Yacine Ahtaitay was born in 1993 in the outskirts of Agadir. After he obtained his GED degree, he attended Ibn Zorh University where he enrolled in English studies and later majored in Linguistics. After he obtained his Linguistics Diploma, he continued his post-graduate studies in a ‘Linguistics’ MA program in Ibn Zohr under the name ‘Applied Linguistics & Language Studies’ where he is currently preparing his MA thesis.
Agadir, Morocco
In the last few years and still to this day, a very heated debate is spanning the entire Moroccan academia about the way assessment is handled in the teaching and learning institutions, especially the ones related to language teaching. What is maddening about this debate is that some people in the academia, out of their mere intellectual stubbornness, go so far as to claim that language assessment in Morocco is fine the way it is and that it does not call for any emergencies. If that actually is what the academia says, then I beg to differ. The status of language assessment throughout the soil of Morocco, I believe, is critical, and nobody has the guts to deny that.
Much time was devoted to this unsettling fact and on methods in which the language assessment could be cured and rescued from this worrying condition. A series of suggestions were recommended by colleagues that could remedy the situation, but they were either too far-fetched or incompatible with the kind of learners concerned.

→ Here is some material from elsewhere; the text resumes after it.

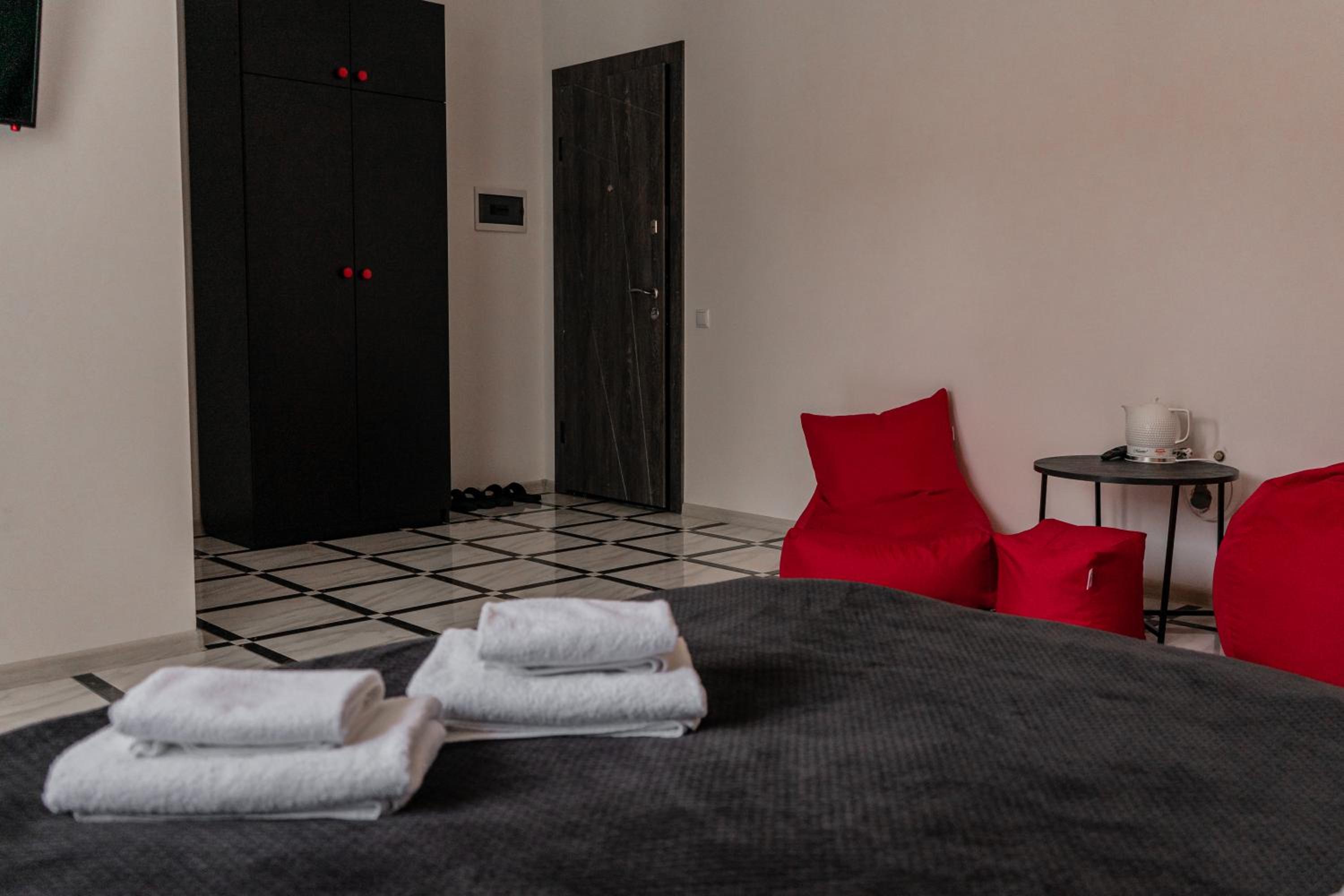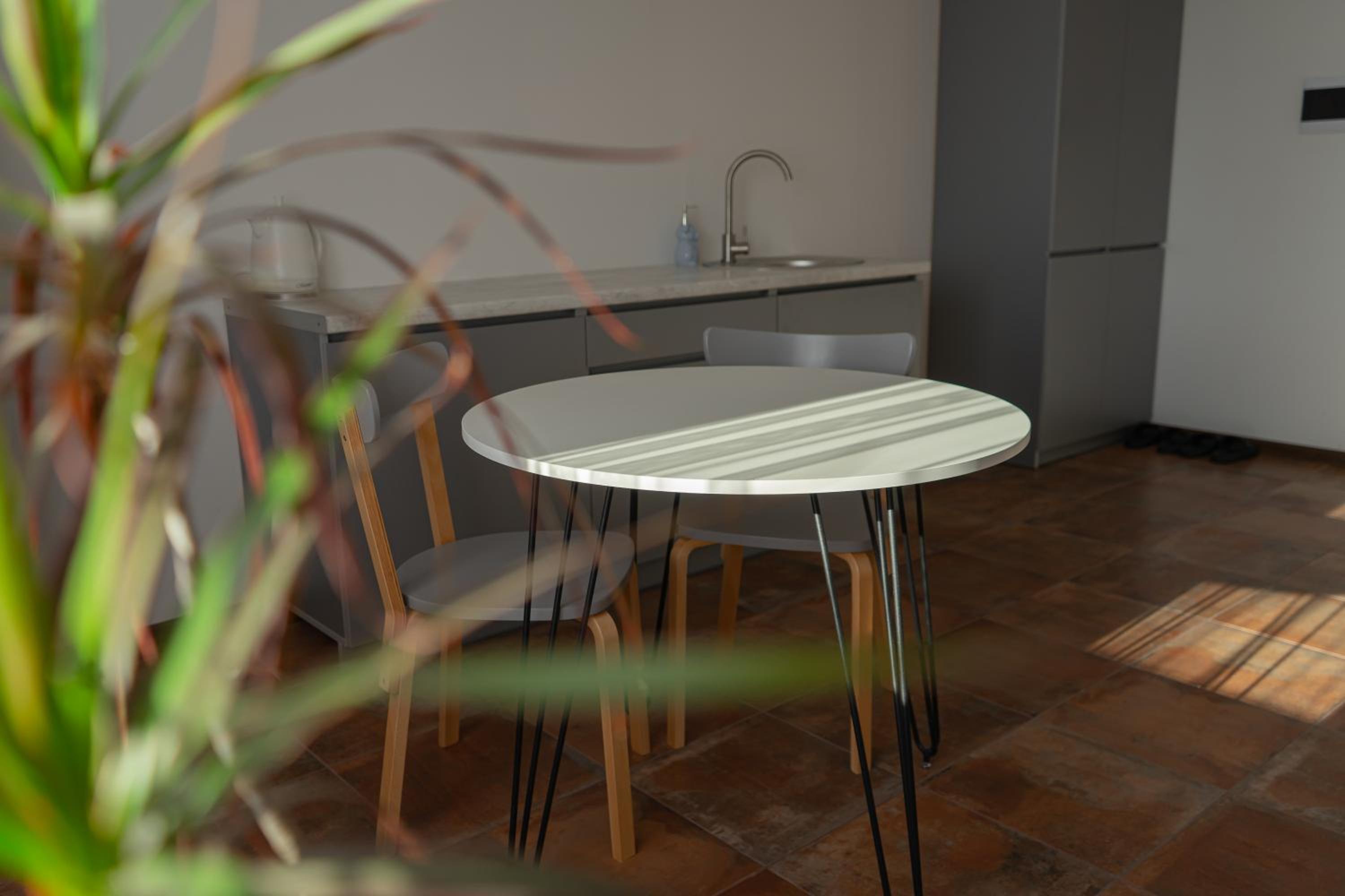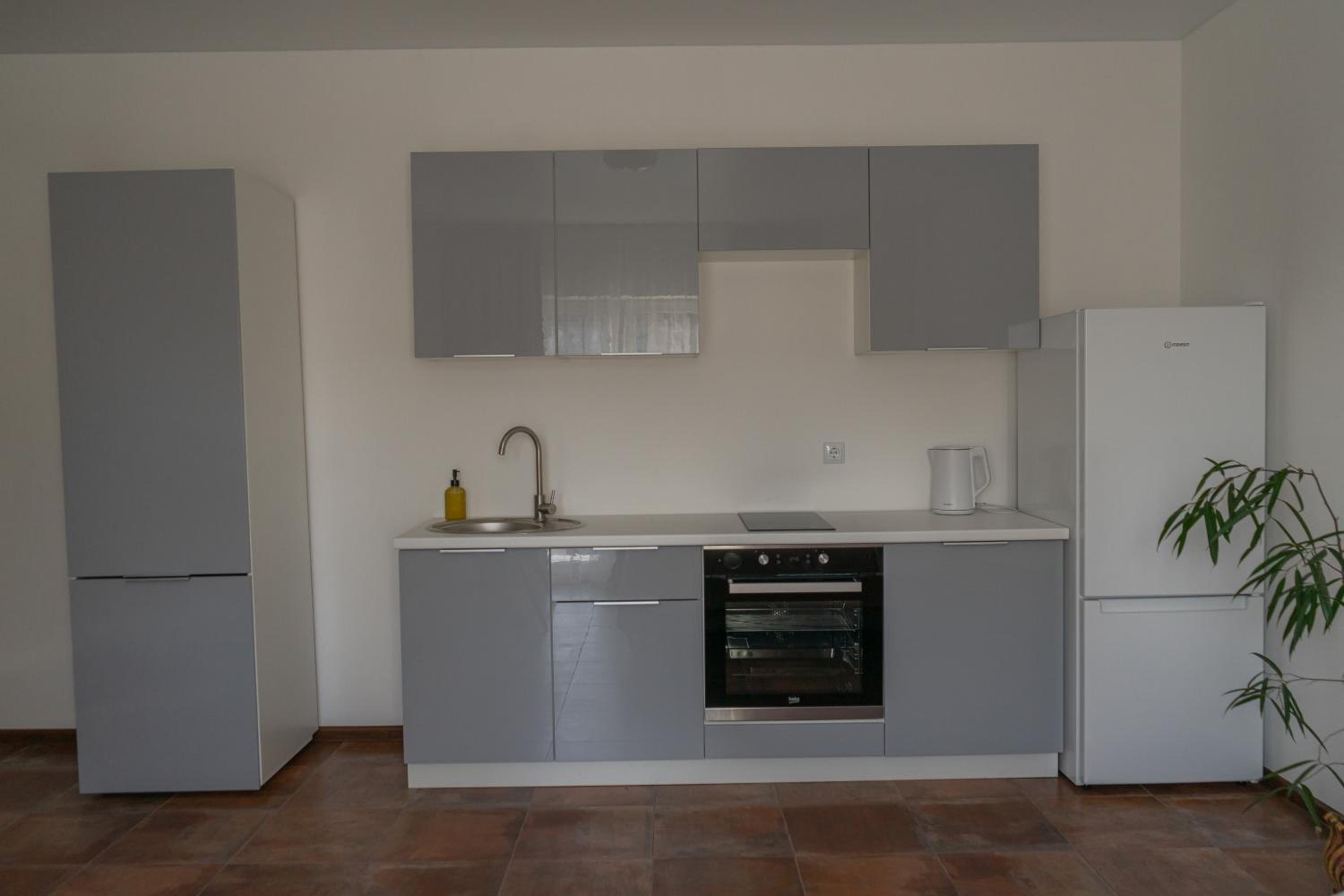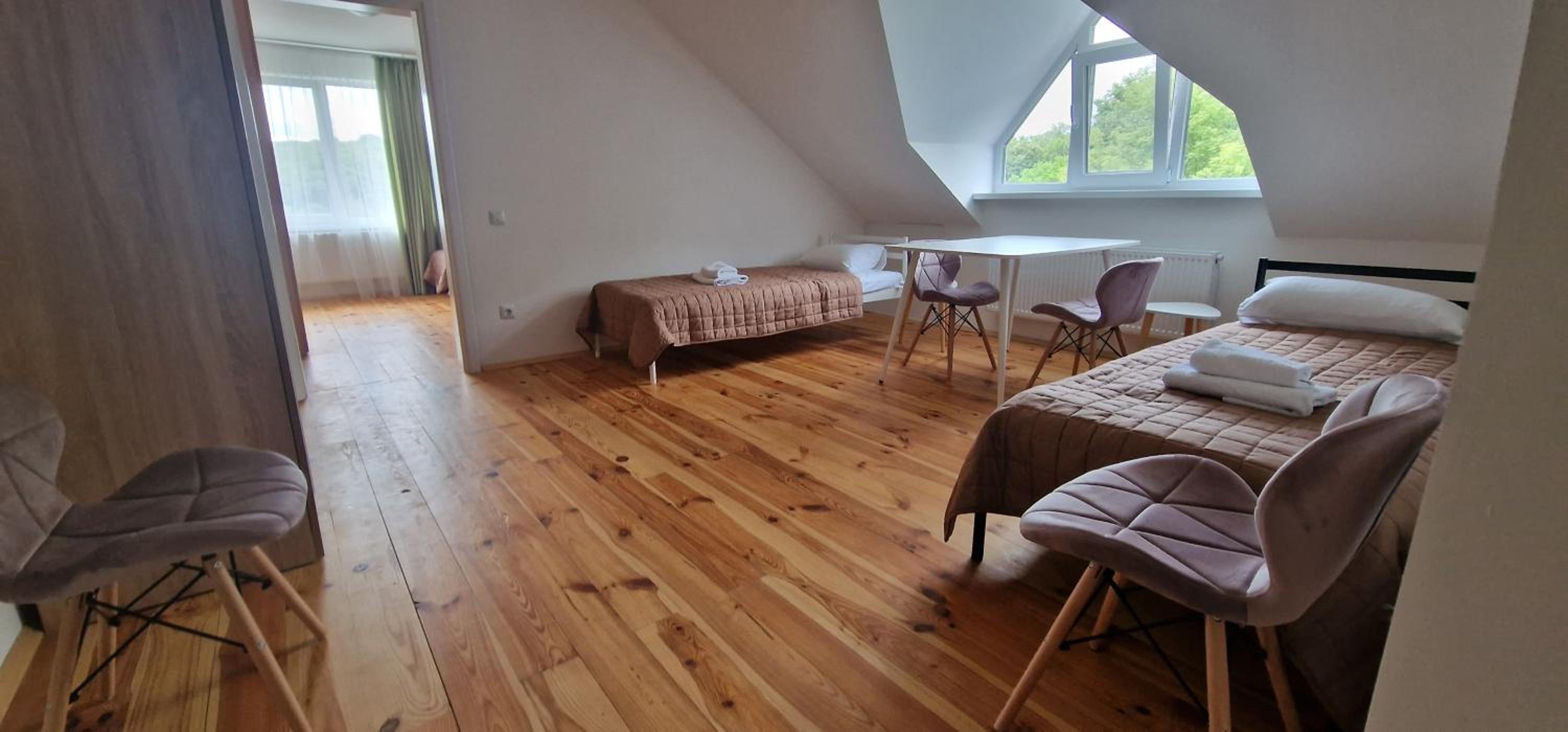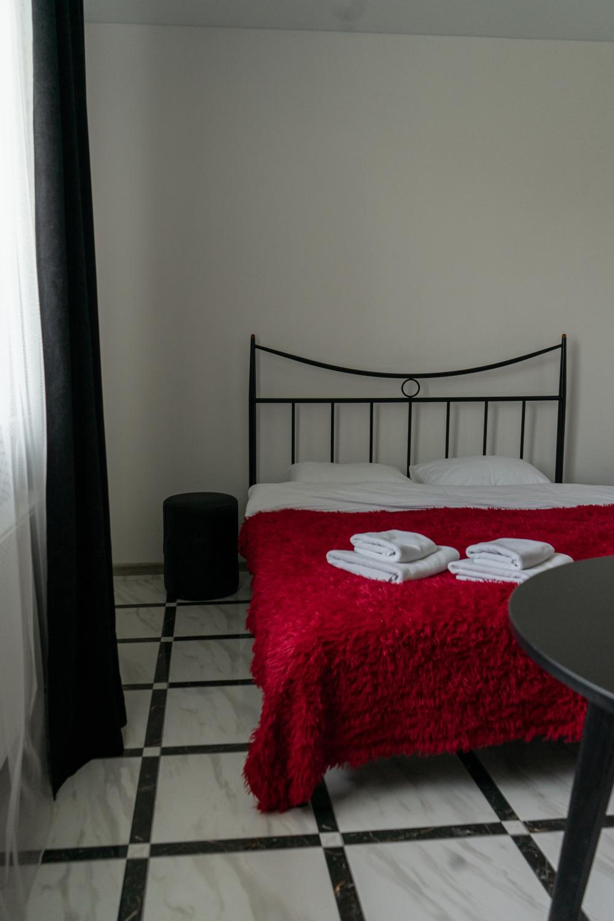 Їхали з запізненням відносно запланованого часу. Важливо було переночувати в номері, який розрахований на 4 осіб не за всі гроші світу, оскільки по дорозі більшість отелів пропонували 2 окремих номери. Саме ці апартаменти знаходилися по дорозі, що дуже зручно, запропонували необхідне нам розміщення, чистий номер, сучасний ремонт, в номері є все необхідне для самостійного приготування їжі (посуд, мікрохвильовка, індукційна піч, чайник). Привітні адміністартори. Є можливість купити готову їжу.

The assessment culture in Morocco is rife with favoritism and classroom class divisions; test scores are the absolute determinants of ranks inside a class. I cannot help but say that the grading system being adopted bears striking similarities to caste systems, where high-score students are treated as masters and get seats right in front of the teacher where they enjoy prestige, and low-score students are slaves and get tossed to the back of the classroom and far out of the teacher’s earshot and where humiliation is flung at their faces. (I can still remember my math class where my voice was never heard by the teacher unless in confirmation of my presence, merely because my exam paper was always returned with the infamous brand 4/20). This is the result of so many intertwined factors that have accumulated throughout many years which make them so difficult to eradicate completely, but that is not a reason why we should make as an excuse to refrain from trying to save this assessment system. Au contraire, it only means that we should try harder.
It is my opinion that any alternative assessment strategy should make at its core the learners in question. The fundamental information that needs to be attained is an exhaustive list of learners’ needs, and we all know that this cannot be attainable since there is no agency of needs analysts, not that I know of, to take care of this job in the Moroccan department of education (if there is any at all). When learners’ needs have been identified, the objectives of the syllabus can be stated clearly and precisely, and in turn assessment materials to see whether the objectives have been met can be designed on the basis of that. With a column of learners’ needs labeled as ‘nada’, I find myself compelled to question the validity of an assessment system that is based not on learners’ actual needs but on teachers’ assumptions and second-guessing of what learners need to learn. So, my appeal to the ministry is just this: the establishment of an agency inside the ministry of education whose specialty is the careful analysis of learners’ needs.
Assessment, in its essence, reflects not just whether students have succeeded in understanding instruction, but also to what extent instruction was successful from the part of the teacher, so assessment assesses not just students but teachers as well. This has two main implications: 1) that teacher trainings should integrate assessment procedures in their programs and the familiarizing of teachers with the body of research on assessment and evaluation. 2) that Moroccan universities have to integrate departments of education that would enable students to carry out educational research on assessment and evaluation and get acquainted with the procedures of test designing. I hate to be hasty in giving judgments, but with no education departments in any of the Moroccan universities, I daresay that the continuously declining quality of assessment is partly justified because of that fact.
In closure, every concerned teacher and student researcher has to know that assessment in Morocco is not fine the way it is, and it needs the collective wisdom and hard work of stakeholders, teachers, students, and parents in order to be saved from the claws of discredibility. With that said, I find no reason to suspect that a better change is looming in the horizon which will make language assessment in Morocco a product of high standards.